Activity - Take the lines from the beginning of the material through the line containing "- Inhalt: 18" and retype them exactly, leaving the pictures out.

Supplied data -
*** Block opens ***
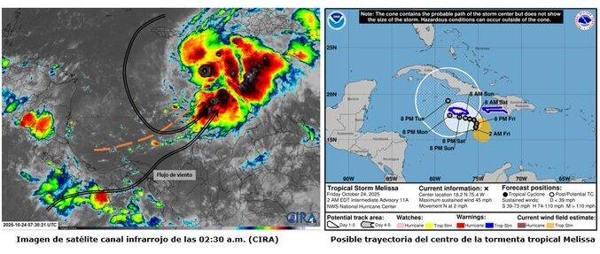 A las 01:00 a.m., el centro de la tormenta tropical Melissa se encontraba en el Mar Caribe, al sureste de Jamaica, con vientos máximos sostenidos de 75 km/h. El sistema se mueve hacia el norte con desplazamiento lento y se espera que se ubique en las Antillas Mayores en los próximos días.
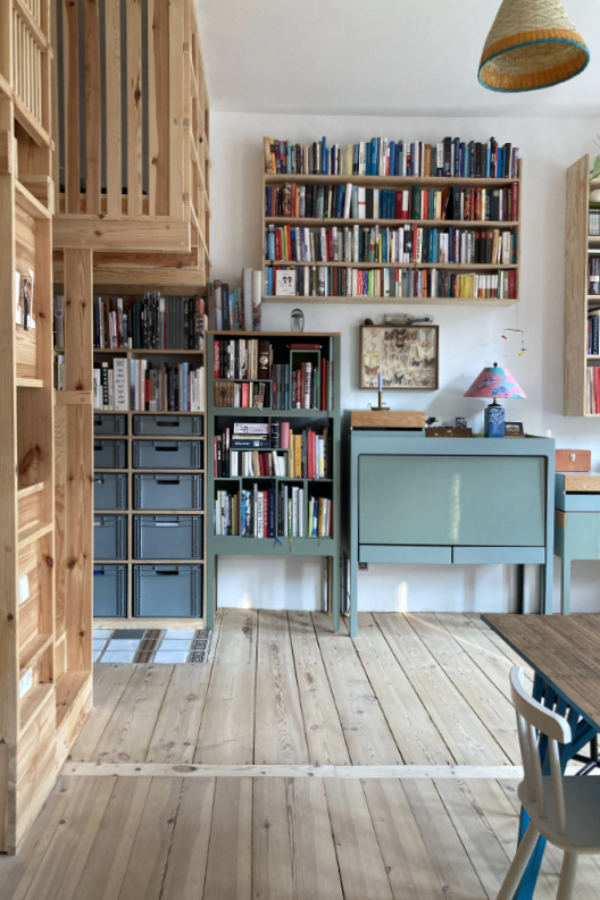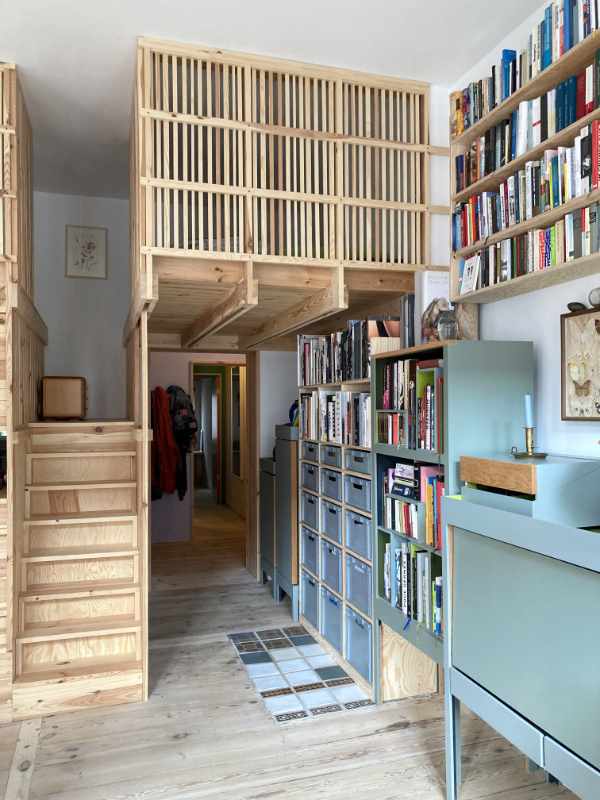 In order to make a typical Berlin apartment in an old building fit for the next 15 years of family life, it was necessary to consistently rethink the room concept. The aim was to work out all spatial qualities and potentials within the existing building. We have brought the main use to the sunny side of the street and the sleeping areas to face the cool and quiet courtyard. By consistently utilizing the room height of 3.15, we have created a three-dimensional, extremely versatile space. Within the apartment there are several "circular routes". The children's room can be divided and the bathroom has two doors. In this way, a spatial flow is created that belies the limitations of the floor space. As soon as children enter the apartment, a mostly turbulent and noisy journey of discovery through the diverse layers of the spatial structure begins.
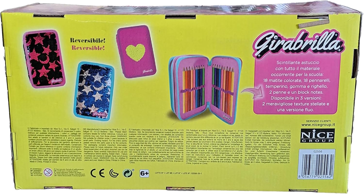- Inhalt: 18 Buntstifte, 18 Marker, Spitzer, Radiergummi und Lineal, 2 Stifte und ein Notizblock
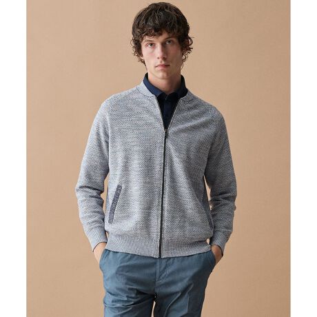 2種類の糸を使用し、丁寧にジャカード編みで仕上げたニットブルゾンです。麻ニット特有のお手入れの難しさや着崩れがなく、驚くほどの軽さを実現しました。夏の羽織りとして快適にお召しいただけるデザインです。
*** Block closes ***
Answer for this exercise -
 A las 01:00 a.m., el centro de la tormenta tropical Melissa se encontraba en el Mar Caribe, al sureste de Jamaica, con vientos máximos sostenidos de 75 km/h. El sistema se mueve hacia el norte con desplazamiento lento y se espera que se ubique en las Antillas Mayores en los próximos días.
 In order to make a typical Berlin apartment in an old building fit for the next 15 years of family life, it was necessary to consistently rethink the room concept. The aim was to work out all spatial qualities and potentials within the existing building. We have brought the main use to the sunny side of the street and the sleeping areas to face the cool and quiet courtyard. By consistently utilizing the room height of 3.15, we have created a three-dimensional, extremely versatile space. Within the apartment there are several "circular routes". The children's room can be divided and the bathroom has two doors. In this way, a spatial flow is created that belies the limitations of the floor space. As soon as children enter the apartment, a mostly turbulent and noisy journey of discovery through the diverse layers of the spatial structure begins.
- Inhalt: 18 Buntstifte, 18 Marker, Spitzer, Radiergummi und Lineal, 2 Stifte und ein Notizblock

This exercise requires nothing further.